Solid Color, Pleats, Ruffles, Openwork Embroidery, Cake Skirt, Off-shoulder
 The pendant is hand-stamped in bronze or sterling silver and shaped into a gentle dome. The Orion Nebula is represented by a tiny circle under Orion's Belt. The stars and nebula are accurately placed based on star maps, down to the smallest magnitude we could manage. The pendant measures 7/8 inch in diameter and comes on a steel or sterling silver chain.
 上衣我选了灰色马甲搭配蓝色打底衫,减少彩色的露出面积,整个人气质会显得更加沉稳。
+++++
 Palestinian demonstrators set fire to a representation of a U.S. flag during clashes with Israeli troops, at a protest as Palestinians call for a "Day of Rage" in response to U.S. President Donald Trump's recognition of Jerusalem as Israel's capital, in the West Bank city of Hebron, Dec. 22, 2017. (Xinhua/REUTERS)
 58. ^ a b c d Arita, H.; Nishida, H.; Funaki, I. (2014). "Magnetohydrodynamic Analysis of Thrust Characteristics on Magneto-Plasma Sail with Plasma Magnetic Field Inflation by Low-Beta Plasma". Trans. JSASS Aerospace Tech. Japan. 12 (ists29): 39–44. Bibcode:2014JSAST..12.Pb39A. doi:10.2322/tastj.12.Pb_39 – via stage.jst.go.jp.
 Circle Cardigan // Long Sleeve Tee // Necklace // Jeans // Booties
+++++
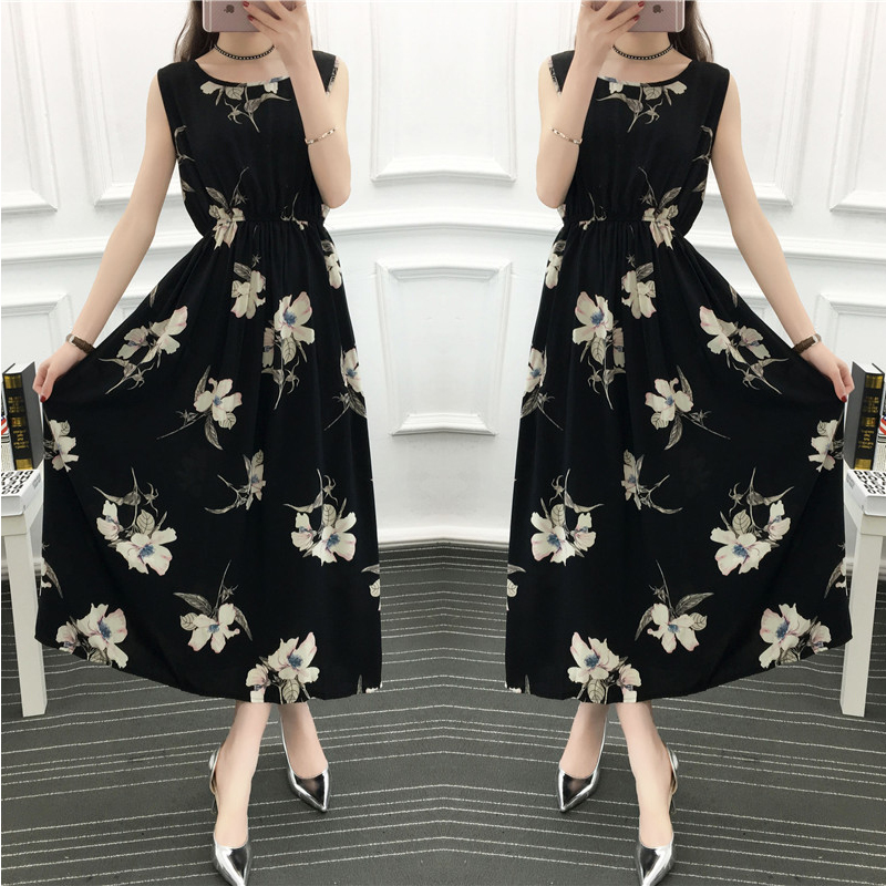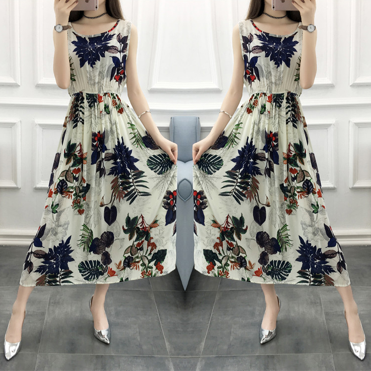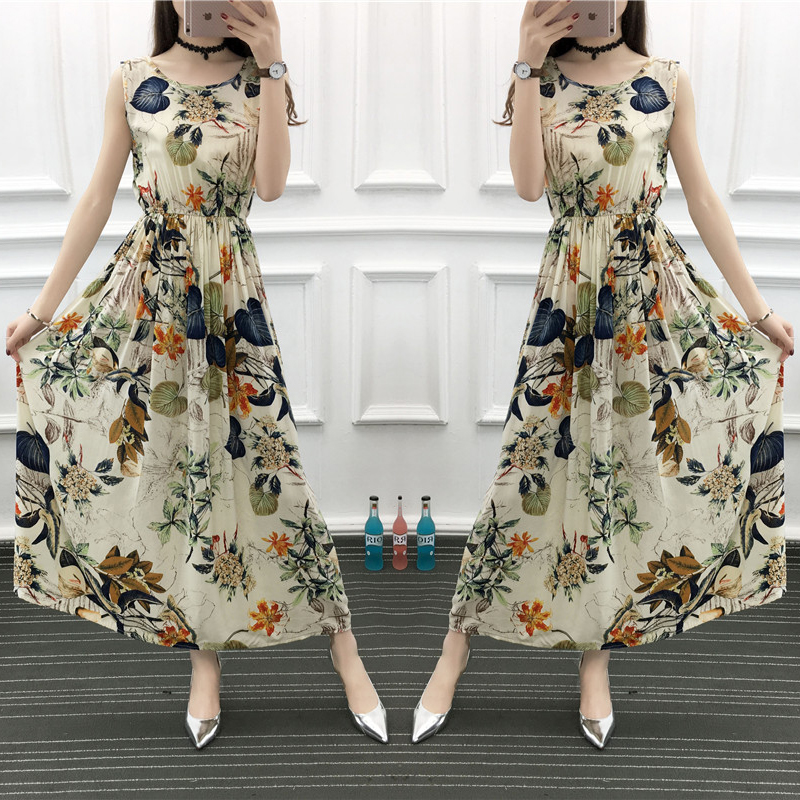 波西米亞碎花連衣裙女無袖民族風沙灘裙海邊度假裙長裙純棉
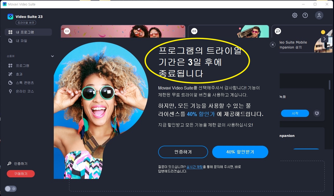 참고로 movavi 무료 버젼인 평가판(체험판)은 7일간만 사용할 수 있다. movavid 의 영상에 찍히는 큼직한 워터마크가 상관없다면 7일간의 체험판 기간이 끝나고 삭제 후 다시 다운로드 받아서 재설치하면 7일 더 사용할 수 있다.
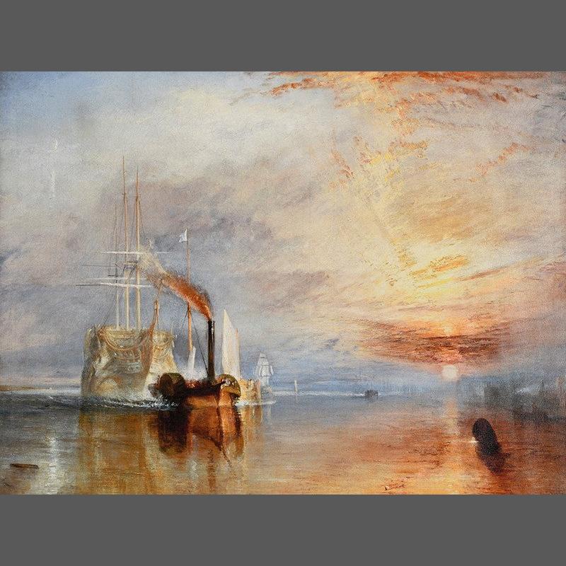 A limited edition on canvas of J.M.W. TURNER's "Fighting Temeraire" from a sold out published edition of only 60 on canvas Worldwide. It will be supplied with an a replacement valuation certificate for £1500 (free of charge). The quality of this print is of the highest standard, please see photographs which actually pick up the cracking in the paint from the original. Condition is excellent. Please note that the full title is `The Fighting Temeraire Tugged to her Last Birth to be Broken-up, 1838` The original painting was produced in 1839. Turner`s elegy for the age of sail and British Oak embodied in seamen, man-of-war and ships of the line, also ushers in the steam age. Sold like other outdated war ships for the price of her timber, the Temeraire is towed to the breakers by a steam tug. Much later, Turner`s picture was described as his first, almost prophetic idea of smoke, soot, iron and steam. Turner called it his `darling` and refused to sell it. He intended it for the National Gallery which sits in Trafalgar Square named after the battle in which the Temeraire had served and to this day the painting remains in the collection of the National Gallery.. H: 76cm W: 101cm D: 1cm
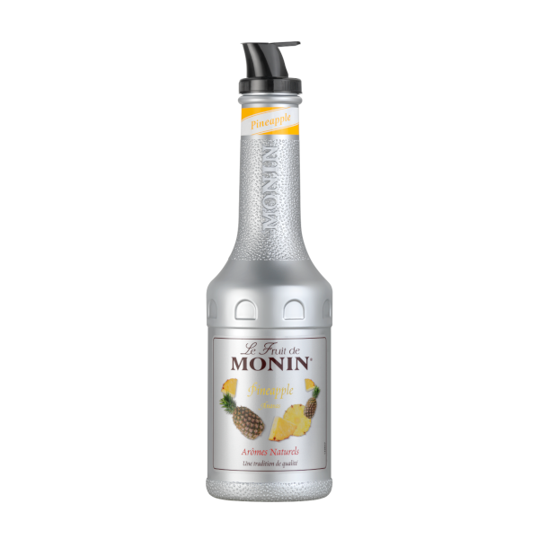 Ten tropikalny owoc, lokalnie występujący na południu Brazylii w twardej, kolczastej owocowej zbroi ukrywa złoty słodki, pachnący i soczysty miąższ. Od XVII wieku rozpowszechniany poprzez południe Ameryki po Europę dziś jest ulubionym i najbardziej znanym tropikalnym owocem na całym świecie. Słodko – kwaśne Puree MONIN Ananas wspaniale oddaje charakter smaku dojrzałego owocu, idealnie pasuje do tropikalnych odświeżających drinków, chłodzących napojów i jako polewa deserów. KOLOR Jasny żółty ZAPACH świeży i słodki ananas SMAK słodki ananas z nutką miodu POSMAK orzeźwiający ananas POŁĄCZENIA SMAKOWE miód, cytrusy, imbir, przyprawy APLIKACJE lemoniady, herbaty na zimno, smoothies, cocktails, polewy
+++++
* [Exercise goal]:
Above are the entries. Quote exactly the lines from the one bearing "The pendant is" through the one bearing "上衣我选了灰色马甲搭配蓝色打".

* [Expected answer]:
 The pendant is hand-stamped in bronze or sterling silver and shaped into a gentle dome. The Orion Nebula is represented by a tiny circle under Orion's Belt. The stars and nebula are accurately placed based on star maps, down to the smallest magnitude we could manage. The pendant measures 7/8 inch in diameter and comes on a steel or sterling silver chain.
 上衣我选了灰色马甲搭配蓝色打底衫,减少彩色的露出面积,整个人气质会显得更加沉稳。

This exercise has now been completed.